Da UNITA, recebemos uma nota de imprensa que abaixo publicamos na íntegra:

(UNITA)
(UNITA)

Na Huila, o acto central das comemorações do 18 de Junho teve lugar na localidade de Kapunda Kavilongo, para onde se deslocou a comitiva do secretariado provincial, encabeçado pela sua titular, Amélia Judith Ernesto.

No discurso que proferiu perante a multidão que acorreu ao acto do 42º aniversário da existência da LIMA, Judith Ernesto destacou que a sempre valorizou a mulher enquanto companheira insubstituível do homem e também enquanto líder da maioria dos lares familiares, onde ela exerce o papel de âncora da felicidade.

“A questão da igualdade do género na UNITA não é mais uma questão de debate, mas tão-somente de acção. Desde os primórdios da existência da UNITA a mulher esteve sempre ao lado dos homens. A participação da mulher na luta de libertação nacional, na luta de resistência contra a invasão russo-cubana ao nosso país e ainda a sua participação efectiva na etapa actual da luta pela democratização do país petrifica cada vez mais a sua posição no seio do Partido e tornam a sua presença nas estruturas orgânicas, a todos níveis, não só indispensável, mas também insubstituível”, afirmou.

Para a dirigente da UNITA na Huila, no seio do seu partido, a questão da igualdade do género é também uma questão dos direitos humanos, argumentando que “não se pode falar dos direitos humanos e da justiça social enquanto houver uma alma que tenha tratamento subalterno”.

“Na UNITA, homens e mulheres são iguais perante a lei. Gozam dos mesmos direitos e têm para com a Pátria os mesmos deveres. Infelizmente, sabemos e constatamos, todos os dias, que ainda não é assim no nosso país”, apontou, acrescentando que “no nosso país é ainda bastante visível a diferença entre o homem e a mulher. Nas instituições públicas ou mesmo privadas nota-se a diferença de tratamento entre homens e mulheres, onde, geralmente os homens são mais considerados que as mulheres. Apesar de ser amplamente reconhecido que no nosso país, a mulher lidera a maioria dos lares devido a factores históricos e culturais, não existem políticas públicas tangíveis para dar cobertura a essa realidade”.

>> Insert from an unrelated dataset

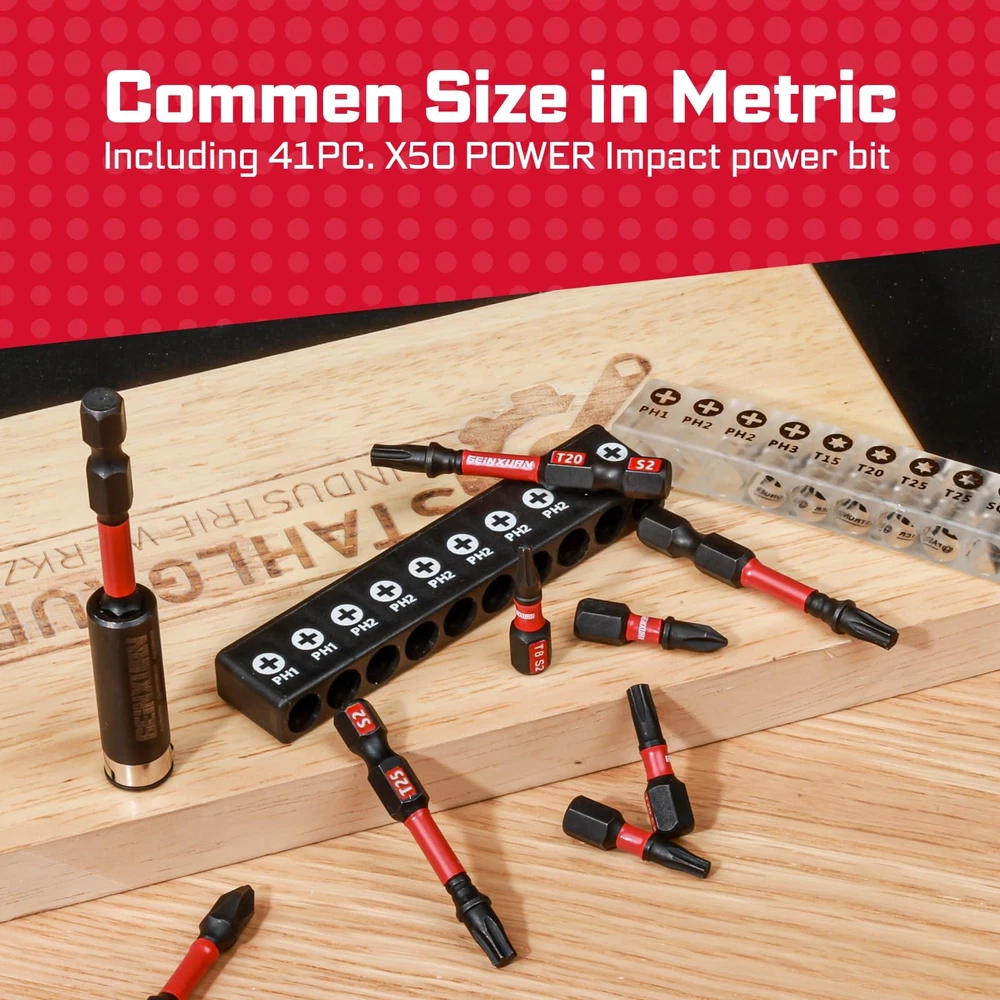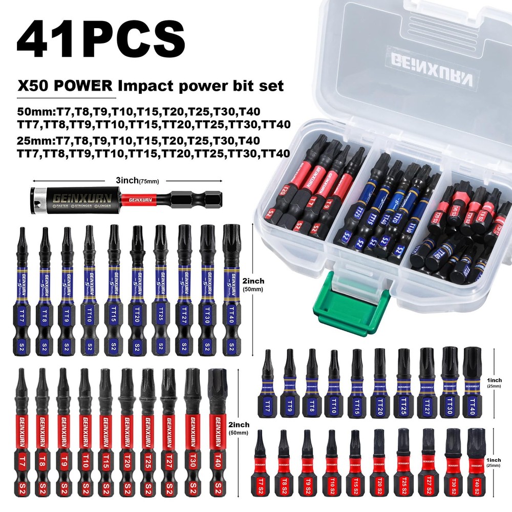 41Pieces Screwdriver Bit Set 1Inches Torx Bits (T7,T8,T9,T10,T15,T20,T25,T27,T30,T40); 1Inches Security Torx Bits (TT7,TT8,TT9,TT10,TT15,TT20,TT25,TT27,TT30,TT40); 2Inches Torx Bits (T7,T8,T9,T10,T15,T20,T25,T27,T30,T40); 2Inches Security Torx Bits (TT7,TT8,TT9,TT10,TT15,TT20,TT25,TT27,TT30,TT40); 1Pieces- 3Inches Impact Magnetic Screwdriver Bit Holder. Material: Advanced metallurgy hardened S2 alloy steel Shank: 1/4 in. hex Strong Magnetic Anti-impact and tough, great wear resistant. These impact tough bits are an impact rated line of screw driving bits and bit holders that have been enhanced to handled a new generation of higher torque impact drivers. Provide 10X longer bit life than standard impact bits. Impact Rated Screwdriver Bit Impact Shock Absorbent Zone stands up to punishment from high-torque impact drivers. Long-lasting engineered tips provide enhanced strength that can handled high-torque impact drivers, so it can tightening or loosening screws easier. TORX SCREWDRIVER BITS: 40 pieces T7-T40 multi star driver bits and 1Pc Bit holder with storage box, the box is customized for bits, you can take it easy to anywhere or hang it up when you don't use it IMPACT RATED BITS: Impact Shock Absorbent Zone stands up to impact drivers. It can be handled a new generation of higher torque impact drivers Quality Assurance: This batch of head made of S2 high quality steel material, it owns the features of high hardness and good toughness and resistance through strictly heat treatment, durable and suitable for any industrial use Precision Tips Head: Precision-engineered bit tips, deliver a better fit and less cam-out, each edge can accurately lock the screw, stabilizes without slipping and improves work efficiency. Avoid damaging the screw and screwdriver head Wide Range of Uses: Made to fit 1/4 In. hex impact drivers drill screw bit set is not only work with impact driver, but also magnetic screwdriver bit perfect for any regular drill, electric and hand screwdrivers, power drills, corded drills, cordless drills, cordless driver and more

Segundo Amélia Judith Ernesto tal situação está na base da desagregação de muitas famílias.

“No campo e na cidade, a situação socioeconómico das famílias vem-se degradando cada vez mais. Não existem programas concretos de apoio às mulheres nas distintas dimensões em que elas encontram-se inseridas, como por exemplo, a mulher camponesa, a mulher quitandeira, a mulher comerciante, etc, etc. Nos lares, a mulher é ainda vítima da violência doméstica em grau bastante elevado por parte dos maridos muito por culpa de factores alheios à sua própria vontade”.

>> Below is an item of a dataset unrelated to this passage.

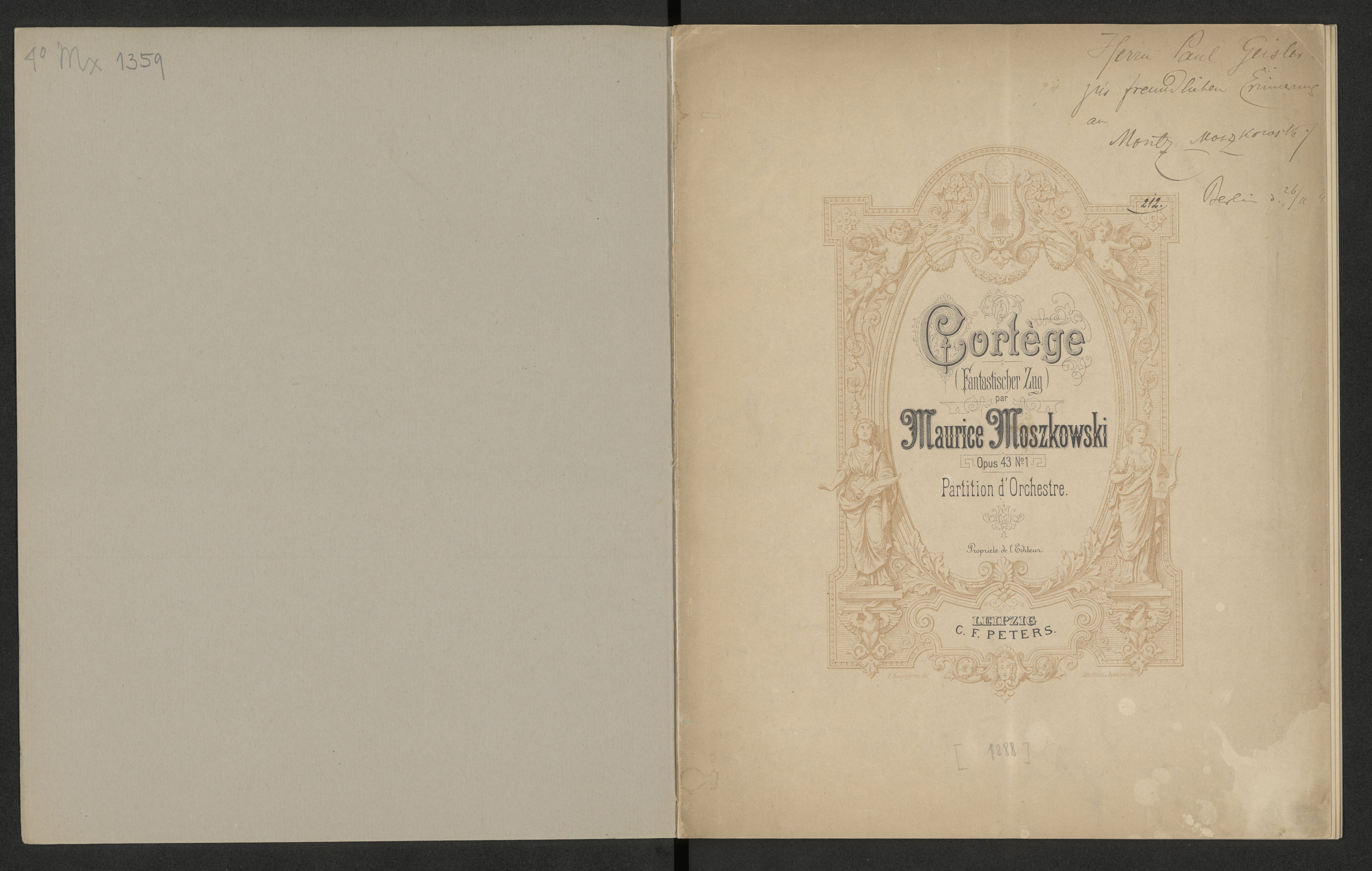 Cortège. Fantastischer Zug : op. 43 No 1 - strona tytułowa recto - rękopiśmienna dedykacja kompozytora: " Herrn Paul Geisler für freundlicher Erinerung am Moritz Moszkowski, Berlin d. 26/II9?"

A dirigente partidária lamenta não haver também um programa de sensibilização dos homens para que estes tomem consciência positiva e acabem a violência contra a mulher e por isso, ela entende ser ainda longo o caminho a percorrer, para que a mulher angolana possa conquistar o seu verdadeiro lugar na sociedade.
“É um desafio que as mulheres têm de enfrentar para conquistarem o seu desenvolvimento multifacetado a fim de enfrentarem, com alguma capacidade, o mundo actual da globalização. Faço, por isso, um apelo a todas as mulheres desta magnifica localidade, as mulheres deste belo município da Chibia, as mulheres desta província da Huila, enfim, a todas as mulheres sejam elas camponesas ou funcionárias, rurais ou urbanas para se juntarem aos esforços da LIMA nessa luta pela conquista do desenvolvimento da mulher. O desenvolvimento da mulher representa o desenvolvimento das famílias”, afirmou, convidando também os homens a não se apartarem.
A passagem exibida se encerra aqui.